Der bisherige Begriff der Integration schloss ein, dass ein Kind, bei dem Diagnostiker, meist Sonderpädagogen und Schulpsychologen, »sonderpädagogischen Förderbedarf« - so die amtliche Bezeichnung - feststellten, zusätzlich personelle und sächliche Ressourcen erhält. Diese Schüler werden in die Integrationsklasse der allgemeinen Schule mitgenommen. Insofern will die bisherige Integrationspädagogik dasselbe wie die Inklusion: das gemeinsame Lernen der Kinder. An dieser Stelle gibt es keinen Unterschied. Der Unterschied besteht darin, künftig das gesamte Bildungssystem so einzurichten, dass allgemeine Schulen eine Grundausstattung sonderpädagogischer Kompetenz erhalten und im weitesten Sinn barrierefrei werden.
Können Sie das konkretisieren?
Zur Zeit wird in den Bundesländern diskutiert, für Kinder mit Lern-, Verhaltens- und Sprachproblemen die Grundausstattung der Schulen nicht am individuellen Kind, sondern an der gesamten Schülerzahl der Schule festzumachen. Je nach Bundesland haben etwa drei bis fünf Prozent aller Schüler diesen Förderbedarf. Bei Kindern mit geistiger, körperlicher oder Sinnesbehinderung kennen wir schon im Vorschulbereich den entsprechenden Bedarf. Diesen nimmt das Kind individuell in die allgemeine Schule mit. Wir hätten dann einmal eine Grundausstattung für den Bereich Lernen, Verhalten und Sprache und zusätzlich individuelle Förderressourcen für die übrigen Förderschwerpunkte.
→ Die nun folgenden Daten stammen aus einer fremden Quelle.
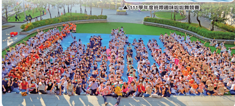
▲ 111學年度班際趣味啦啦舞競賽參賽人員大合照
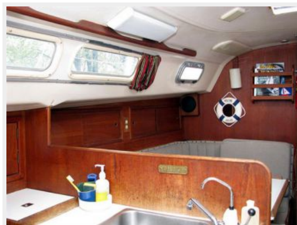
35' C&C salon port forward
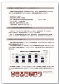
ExcelやWordの原稿や資料をご提供いただければ
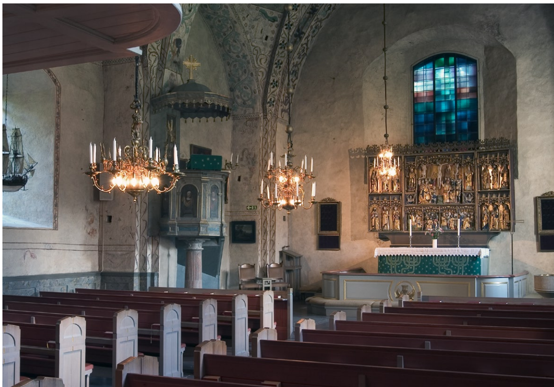
Interiör mot öster.

Predikstolen är tillverkad på 1630-talet av holländaren Kaspar Pantén för äldsta slottskyrkan i Stockholm. Den skänktes 1692 tillsammans med bänkar och inventarier av Carl XI till Täby kyrka. Predikstolen var till en början placerad på södra sidan, men flyttades 1757 över till den norra väggen, för övrigt den enda förändring som återstår av 1750-talets restaure-

Was bedeutet Inklusion für die Lehrerbildung?
Auf der Ebene der Theorie müssen die Traditionslinien Sonderpädagogik und allgemeine Pädagogik Wurzeln einer gemeinsamen Pädagogik werden, die auf Individualität und Förderung starken Wert legt. Daher schlage ich vor, das Thema gemeinsamer Unterricht, Lernen unter Bedingungen von Heterogenität für alle Lehrämter in das Studium aufzunehmen. Auf der Praxisebene wird es wichtig, dass Sonderpädagogen neben ihrer Kompetenz für bestimmte Förderansätze alle Kinder im Blick haben und Fachlehrer sich für individuelle Lernvoraussetzungen sensibilisieren. Entsprechend muss die Fortbildung der Lehrkräfte ausgebaut werden.
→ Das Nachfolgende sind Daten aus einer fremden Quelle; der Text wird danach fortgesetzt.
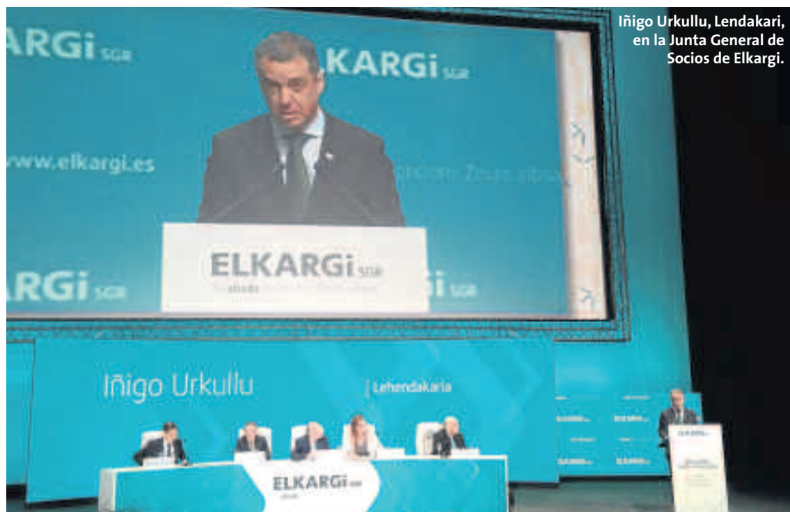
Iñigo Urkullu, Lendakari, en la Junta General de Socios de Elkargi.

Cooperativa Ganadera de Caspe firmó en el año 2015 un Convenio de colaboración con Oinarri, SGR para procurar el acceso a la financiación a sus socios y mejorar sus condiciones a través de

Berührt die Inklusion das Zweisäulenmodell von Gymnasium und Sekundarschule?
Ja - wenn einerseits Kinder mit Lernproblemen durch inklusive Förderung in die allgemeine Schule kommen und andere Kinder gleichzeitig sitzen bleiben oder abgeschoben werden können, haben wir einen unauflösbaren Widerspruch. An alle Schulformen der Sekundarstufe ist der Anspruch zu stellen, sich der Inklusion zu öffnen. Was das für das Gymnasium oder für die Sekundarschule/Gesamtschule bedeutet, muss jeweils vor Ort geklärt werden. Erfreulicherweise öffnen sich auch manche Gymnasien dem Gedanken der Inklusion.
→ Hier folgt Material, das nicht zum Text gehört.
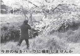
今井の桜をバックに撮影しませんか

写真撮影を楽しみたいカメラマンと和装好きなモデルを募集します。「桜」「ひと」「光」「風」など一瞬の出会いを切り取ってみませんか。
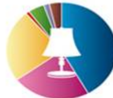
مبلمان و داخلی 671127
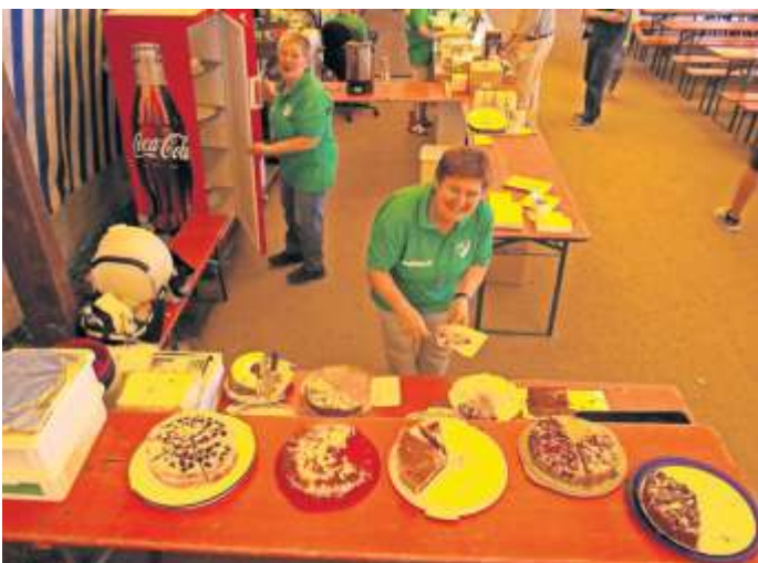
Kaffee und Kuchen dürfen natürlich auch beim Waldfest des TSV Rohr nicht fehlen.
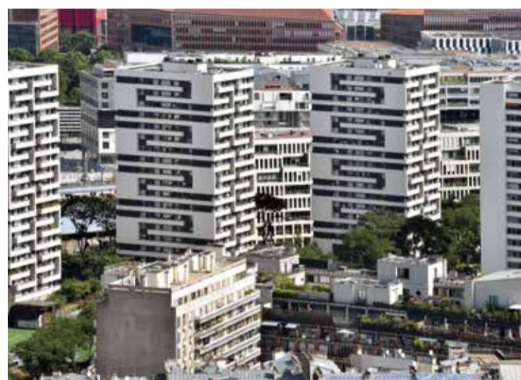
La résidence Michelet

Welche Einstiegsszenarien können Sie sich vorstellen?
Die Bundesländer müssen mindestens für den Bereich Schule, aber auch für den Vorschul- und Berufsschulbereich ein konkretes Aktionsprogramm mit einem klaren Zeitplan auflegen, aus dem hervorgeht, dass das Recht der Kinder auf Inklusion im Schulgesetz verankert, dass die personelle und sächliche Ausstattung wie auch die Perspektive der bisherigen Förderschulen und Sonderschulen geklärt wird. Dieser Aktionsplan muss dann auf regionaler Ebene konkretisiert werden: Geburten- und Schülerzahlentwicklung, Gebäudestrukturen, Wünsche der Eltern und so weiter.
Inklusion kann nicht zum Nulltarif, nicht kostenneutral umgesetzt werden.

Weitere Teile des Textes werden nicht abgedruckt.